Directions for this task » Exactly as written, retype the lines that run from the line holding "關(guān)于召開2024年第五次臨時(shí)股東大會(huì)的通知" through the end of the records below. Do not include pictures.

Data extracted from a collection

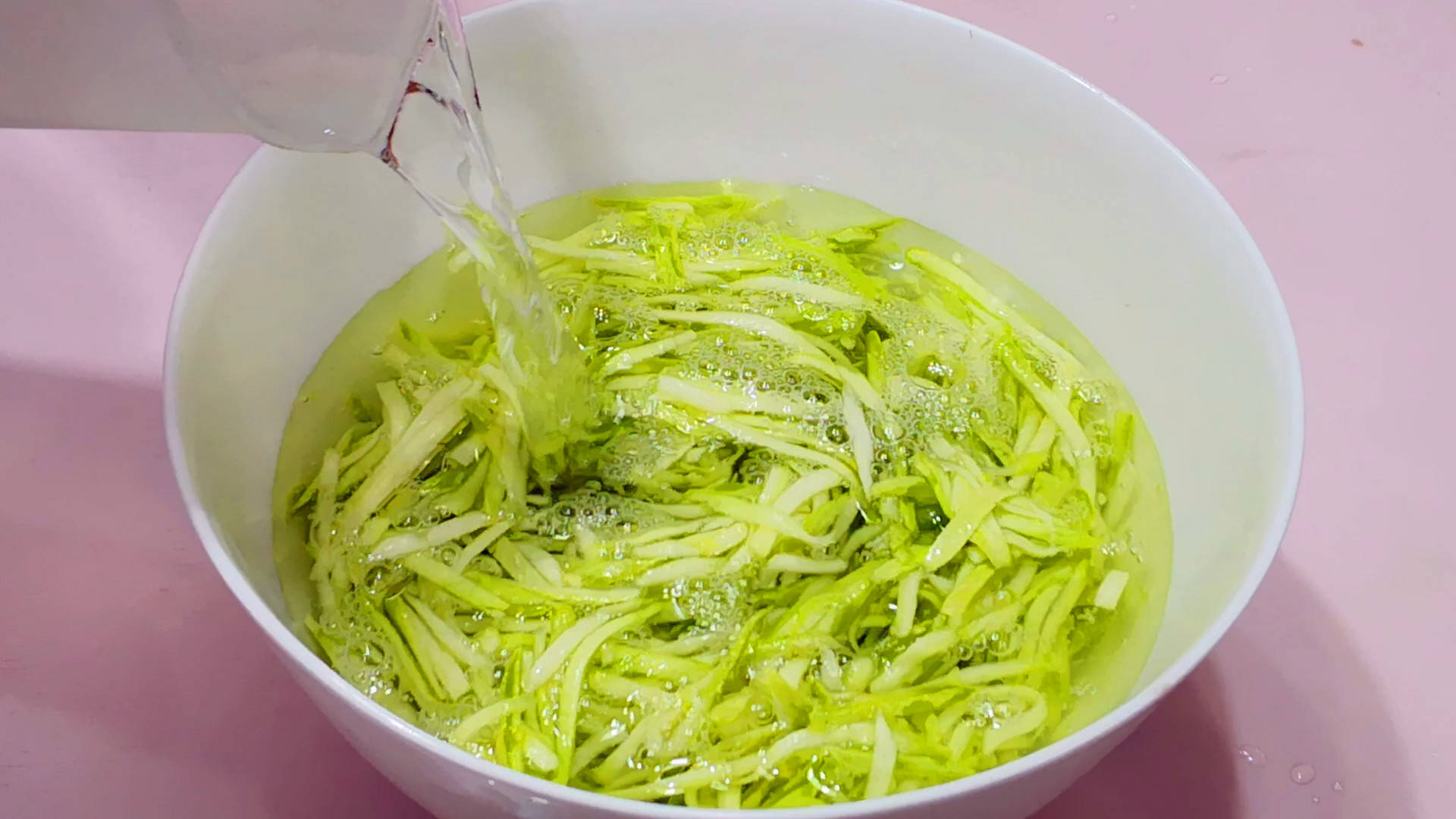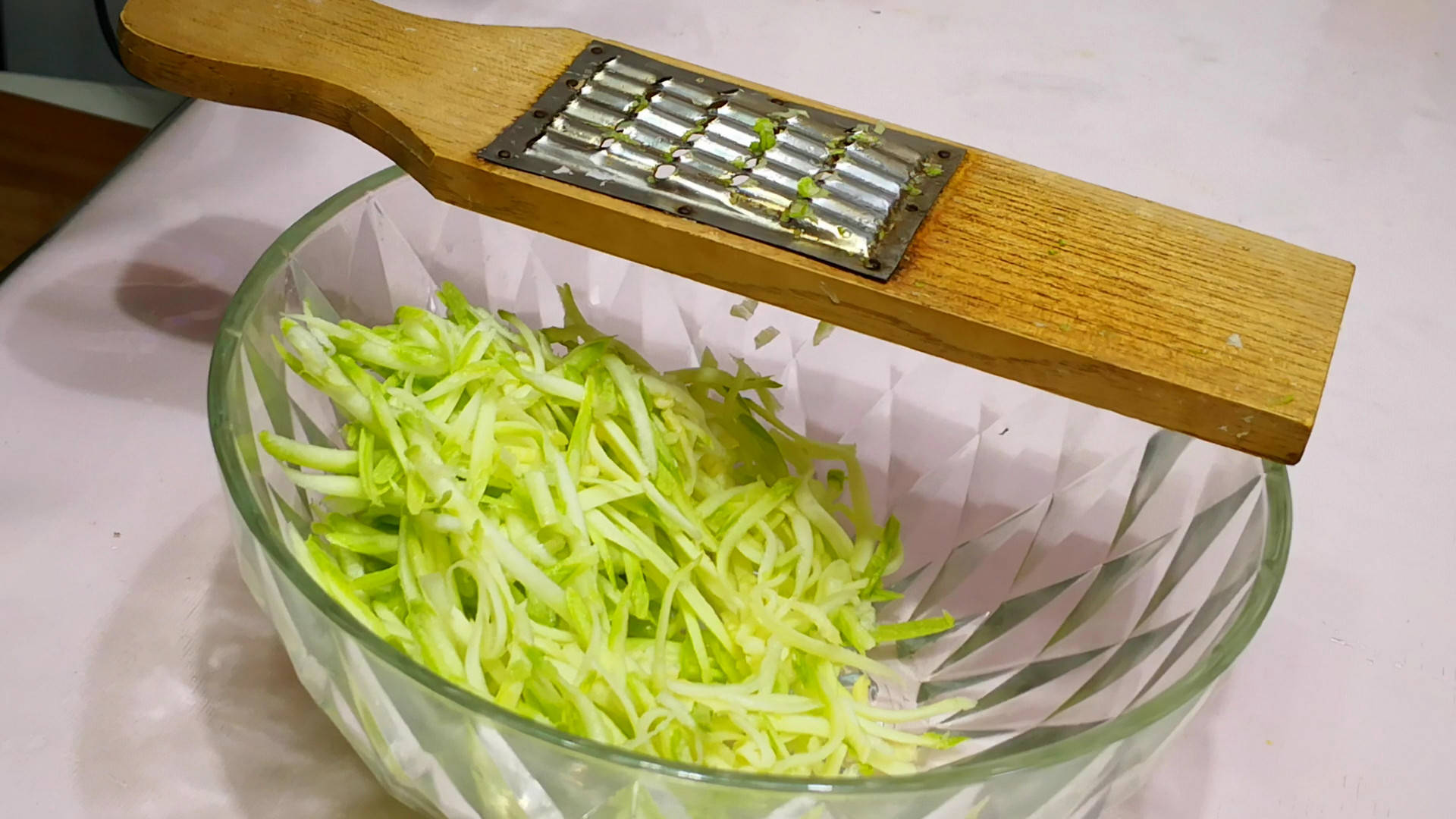 1.先把西葫芦清洗干净,然后竖着从中间切开,去掉中间的瓜瓤,用擦菜板擦成细丝。擦成丝后的西葫芦放入大碗中,然后加入一匙食盐,下手抓拌一会儿,让盐充分化开后,再放一边腌制十分钟以上,刹出西葫芦中的水分,这样再包饺子的时候就不会出水了。
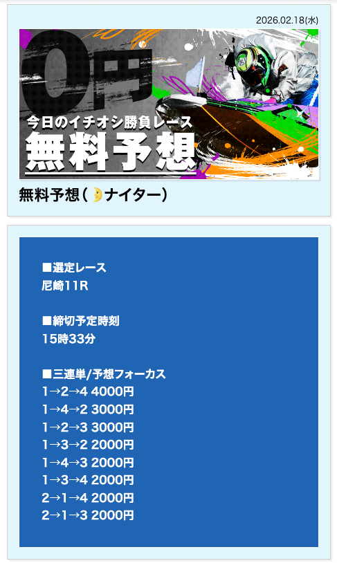 | 2月18日 | 尼崎11R | 3単 | 0円 | 📸 |
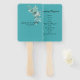These teal wedding program fans feature a vibrant teal background adorned with a romantic watercolor floral cluster at the top, highlighting your names and wedding date for a stylish keepsake. Attached to a wooden handle, they are perfect for outdoor or warm‑weather ceremonies, keeping guests cool while coordinating beautifully with your teal floral invitation suite.
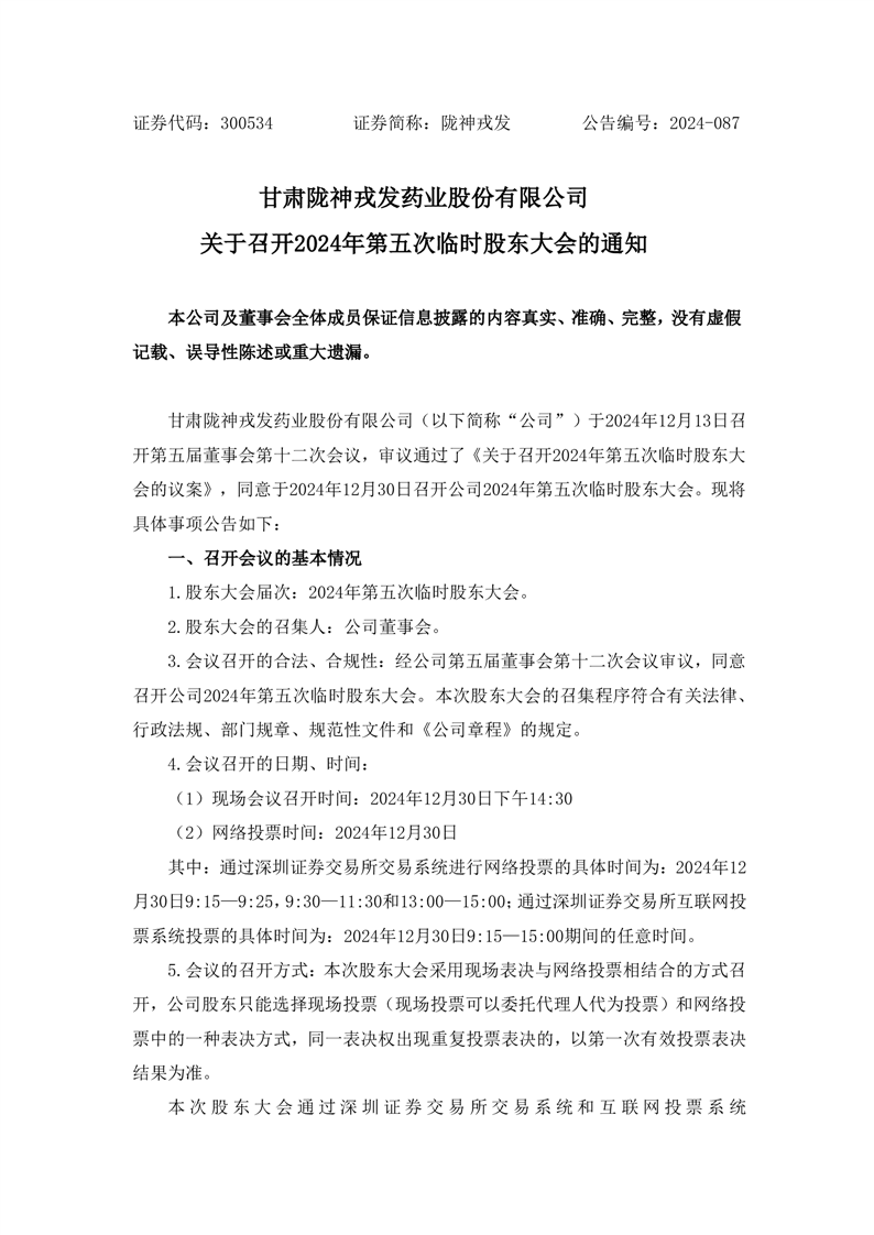 關(guān)于召開2024年第五次臨時(shí)股東大會(huì)的通知
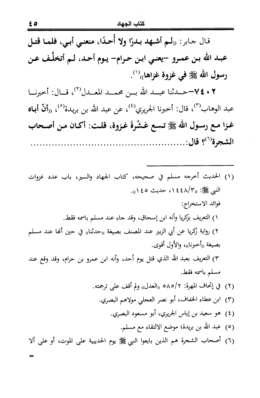 7402 - حدثنا عبد الله بن محمد المعدل (¬1)، قال: أخبرنا عبد الوهاب (¬2)، قال: أخبرنا الجريري (¬3)، عن عبد الله بن بريدة (¬4)، "أنّ أباه غزا مع رسول الله -صلى الله عليه وسلم- تسع عَشْرةَ غزوة، قلت: أكان من أصحاب الشجرة (¬5)؟ قال:
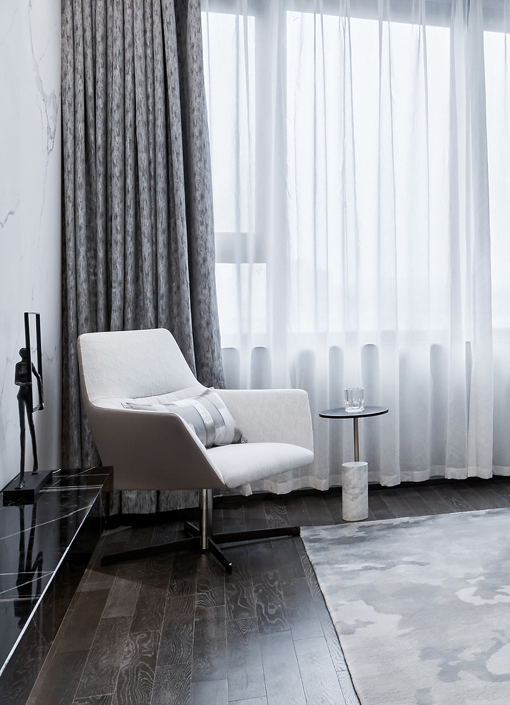 设计师在充分了解业主生活及精神需求的基础上,对空间做出了调整与规划。通过融入诗意宅形与文化,借由居者与空间的关系,构建出回归内心舒适的美质生活空间。
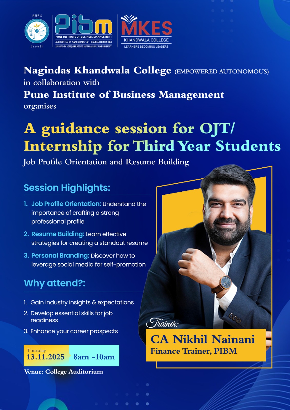 • - Guidance session for OJT internship for Third Year Students on Job Profile Orientation and Resume Building organized by Dept. of Accountancy in collaboration with Pune Institute of Business Management on 13th November 2025 Brochure
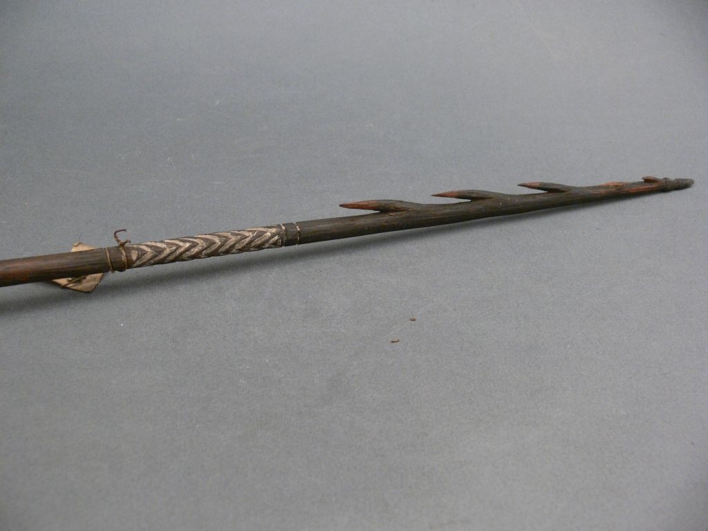 Kétrészes nyílvessző. A bambuszból metszett szárba növényi rostfonattal és ragasztóval rögzítették a keményfából faragott hegyet, melynek egyik oldalából szakák állnak ki, illetve amelybe fehér festékkel kitöltött, halszálka formájú rovátkákat faragtak.

Completed task »
 關(guān)于召開2024年第五次臨時(shí)股東大會(huì)的通知
 7402 - حدثنا عبد الله بن محمد المعدل (¬1)، قال: أخبرنا عبد الوهاب (¬2)، قال: أخبرنا الجريري (¬3)، عن عبد الله بن بريدة (¬4)، "أنّ أباه غزا مع رسول الله -صلى الله عليه وسلم- تسع عَشْرةَ غزوة، قلت: أكان من أصحاب الشجرة (¬5)؟ قال:
 设计师在充分了解业主生活及精神需求的基础上,对空间做出了调整与规划。通过融入诗意宅形与文化,借由居者与空间的关系,构建出回归内心舒适的美质生活空间。
 • - Guidance session for OJT internship for Third Year Students on Job Profile Orientation and Resume Building organized by Dept. of Accountancy in collaboration with Pune Institute of Business Management on 13th November 2025 Brochure
 Kétrészes nyílvessző. A bambuszból metszett szárba növényi rostfonattal és ragasztóval rögzítették a keményfából faragott hegyet, melynek egyik oldalából szakák állnak ki, illetve amelybe fehér festékkel kitöltött, halszálka formájú rovátkákat faragtak.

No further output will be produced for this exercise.